Der Bekanntheitsgrad von Admont ist eng mit dem Gesäuse und dem Stift Admont verbunden. Das Stift prägt die Gemeinde, wie ist das Verhältnis zum Stift Admont?
Jeder muss natürlich seinen Standpunkt vertreten und dass man nicht bei allen Dingen der gleichen Meinung sein kann, ist klar. Die Zusammenarbeit war in letzter Zeit eine gute; gerade in schwierigen Zeiten ist eine harmonische Stimmung mit allen Playern der Region wichtig, um auch künftige Projekte für einen Mehrwert in der Region umzusetzen.

Welche Projekte sollen das sein?
Es ist ein guter Weg eingeschlagen, was den Tourismus betrifft. Die vorhandenen Stärken können wir noch besser ausbauen. Die Marke Gesäuse wurde gut positioniert, aber es ist noch Potenzial drinnen. Wir wollen im sanften Tourismus bleiben, ohne groß in Infrastruktur investieren zu müssen. Eine Verbesserung im Angebot wäre wünschenswert.

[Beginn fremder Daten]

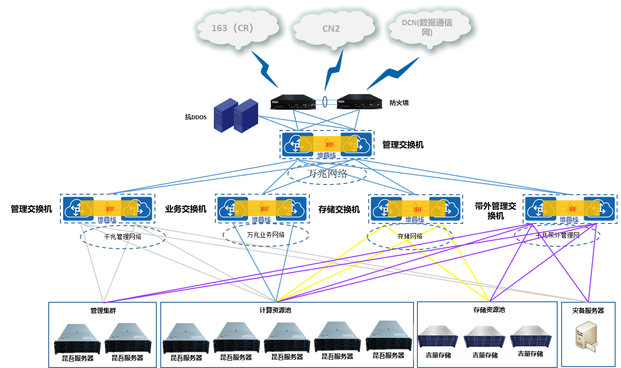 中诚华隆基于昆吾服务器、超算一体机产品搭建运营商云平台解决方案,此方案通过采用云平台技术架构部署,充分利用主机计算能力、网络和存储资源,为用户提供IaaS层云计算服务。通过双管理节点实现云平台的高可用性。利用高性能服务器组建云计算资源池,为应用系统提供弹性云主机服务。使用存储型服务器组建分布式块存储和对象存储服务,为应用系统提供安全、弹性、丰富的存储服务。用云平台备份功能来实现云主机及云盘的资源备份,保障业务数据安全性。网络设备方面全部采用双机冗余模式,保障云平台的网络无单点故障。云平台部署方式灵活且功能丰富,能够满足运营商对自主可信化、弹性伸缩、多租户场景等多重需求的高标准建设,资源利用率高,且易运维管理。

Der renommierte Touristiker
Otmar Michaeler, CEO der Falkensteiner-Michaeler-Group, hat kürzlich in einem Interview in der Kleinen Zeitung gemeint, es wird Regionen geben, denen die Kraft fehlt, im Tourismus weiter mitzuspielen. Zitat: „Vor 30 Jahren haben die, die keine Infrastruktur hatten, gesagt, sie machen sanften Tourismus. Aber das war nicht das Erfolgsrezept. Eine intakte Natur ist unser Kapital, das wissen wir alle. Und würden wir sie zerstören, wäre der Tourismus tot. Aber ohne Infrastruktur geht es eben auch nicht.“
Für unsere Region ist der sanfte Tourismus passend. Die Gäste erwarten sich keine großartige Infrastruktur und keine große Anzahl an 4-Sternehotels. Wennst im Xeis was erleben willst, musst du es dir mit Körperkraft erkämpfen, erschwitzen. Bei uns gibt’s keinen Sessellift, bei uns musst du zu Fuß raufgehen. Das ist das Schöne und das suchen die Leute. Wir sind ja auch gastronomisch noch ganz gut unterwegs, alleine Johnsbach hat noch drei Wirtshäuser.

Man geht somit konform mit den Werten des Nationalparks Gesäuse, dessen Schwerpunkt ja nicht der klassische Tourismus, sondern der Naturschutz ist?
Man wird nicht in allen Dingen immer übereinstimmen, aber wir sind stolz, dass wir einen Nationalpark haben und tragen die Werte mit. Wenn aber mal, und dafür sind wir auch bekannt, eine Motorsportveranstaltung stattfindet, dann sollte man dies auch gutheißen.

Wie steht es um die Zukunft von Schloss Röthelstein?
Mein Letztstand ist, dass die JUFA einen Investor gefunden hat und der Betrieb im April, Mai wieder öffnen soll.

Für das JUFA ist natürlich der Skibetrieb auf der Kaiserau von hoher Bedeutung. Wie steht’s um die Zukunft der Kaiserau? Ohne Zuschüsse würde es ja eher düster aussehen, wie bei manchen kleinen Skigebieten.
Für uns hat die Kaiserau eine wichtige, auch soziale Funktion. Wir wollen, dass die Kinder und Jugendlichen im Umkreis Skifahren lernen können. Es kommen auch Gäste außerhalb unserer Region auf die Kaiserau. Aber Fakt ist, dass wir mittlerweile die einzige Gemeinde sind, die finanziell Zuschüsse leistet, derzeit ca. 60.000 Euro pro Jahr. Wünschenswert wäre es, dass sich auch wieder die umliegenden Gemeinden am Erhalt beteiligen. Der Wintersport ist wichtig für unsere Region.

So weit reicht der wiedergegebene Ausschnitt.